ALPHA   (input) DOUBLE PRECISION
The scalar alpha. When alpha is zero then the arrays A
and T are not referenced.

BETA    (input) DOUBLE PRECISION
The scalar beta. When beta is zero then the array R need
not be set before entry.

R       (input/output) DOUBLE PRECISION array, dimension (LDR,N)
On entry with UPLO = 'U', the leading N-by-N upper
triangular part of this array must contain the upper
triangular part of the symmetric matrix R.
On entry with UPLO = 'L', the leading N-by-N lower
triangular part of this array must contain the lower
triangular part of the symmetric matrix R.
On exit, the leading N-by-N upper triangular part (if
UPLO = 'U'), or lower triangular part (if UPLO = 'L'), of
this array contains the corresponding triangular part of
_
the computed matrix R.

LDR     INTEGER
The leading dimension of array R.  LDR >= MAX(1,N).

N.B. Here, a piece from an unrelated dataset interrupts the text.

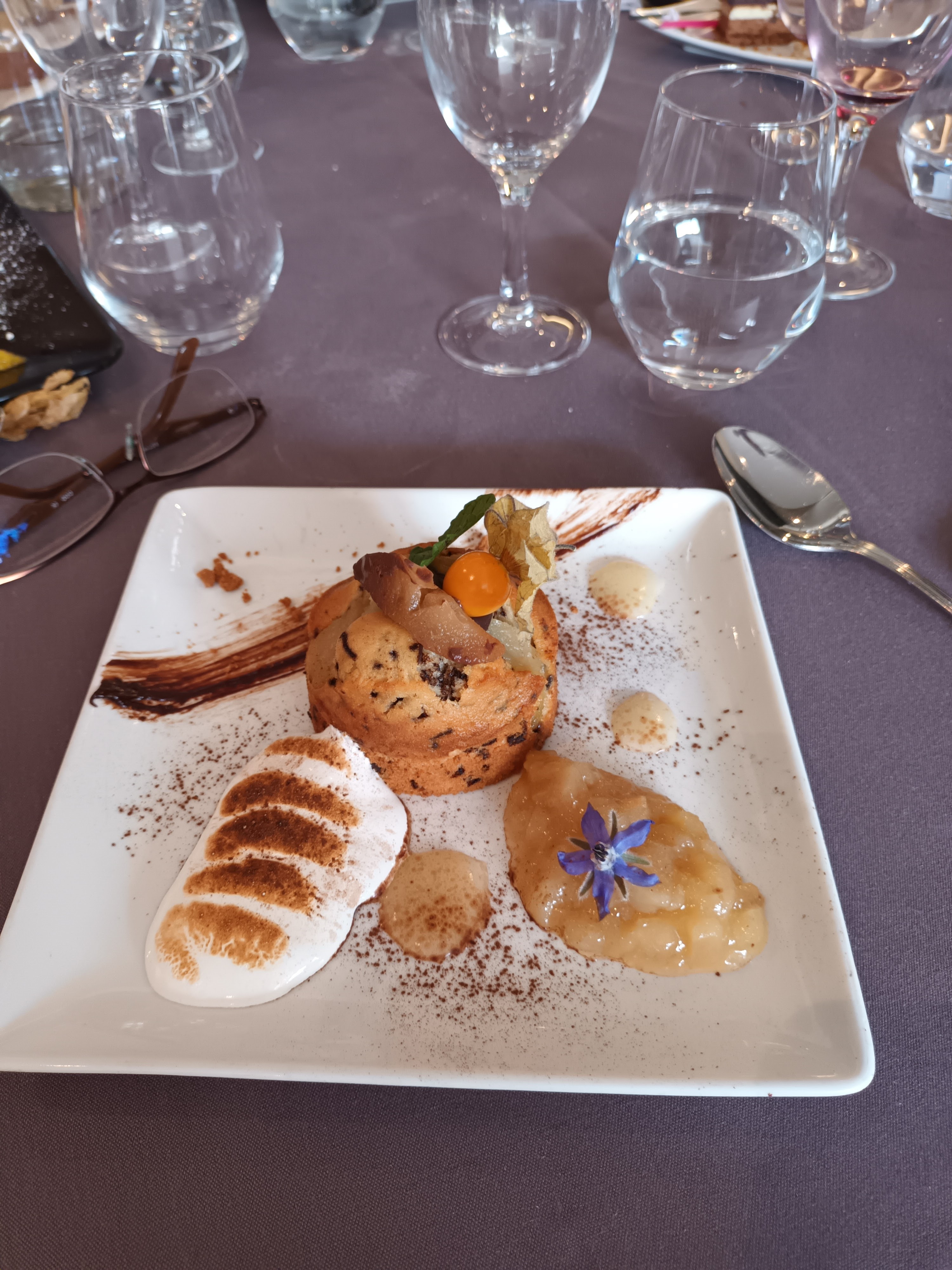 Repas de fin d'année avec mes collègues de travail. Ambiance décontractée. Cuisine fine. Pour moi foie gras, faisan avec sa farce et gâteau à la poire. Un vin différent pour chaque plat. Un moment agréable. Je recommande sincèrement.

A       (input/output) DOUBLE PRECISION array, dimension (LDA,N)
On entry, the leading N-by-N part of this array must
contain the matrix A. If HESS = 'H' the elements below the
first subdiagonal, if UPLO = 'U', or above the first
superdiagonal, if UPLO = 'L', need not be set to zero,
and are not referenced if DICO = 'D'.
On exit, the leading N-by-N part of this array contains
the following matrix product
alpha*T'*T*A, if TRANS = 'N', or
alpha*A*T*T', otherwise,
if DICO = 'C', or
T*A, if TRANS = 'N', or
A*T, otherwise,
if DICO = 'D' (and in this case, these products have a
Hessenberg form, if HESS = 'H').

LDA     INTEGER
The leading dimension of array A.  LDA >= MAX(1,N).

T       (input) DOUBLE PRECISION array, dimension (LDT,N)
If UPLO = 'U', the leading N-by-N upper triangular part of
this array must contain the upper triangular matrix T and
the strictly lower triangular part need not be set to zero
(and it is not referenced).
If UPLO = 'L', the leading N-by-N lower triangular part of
this array must contain the lower triangular matrix T and
the strictly upper triangular part need not be set to zero
(and it is not referenced).

LDT     INTEGER
The leading dimension of array T.  LDT >= MAX(1,N).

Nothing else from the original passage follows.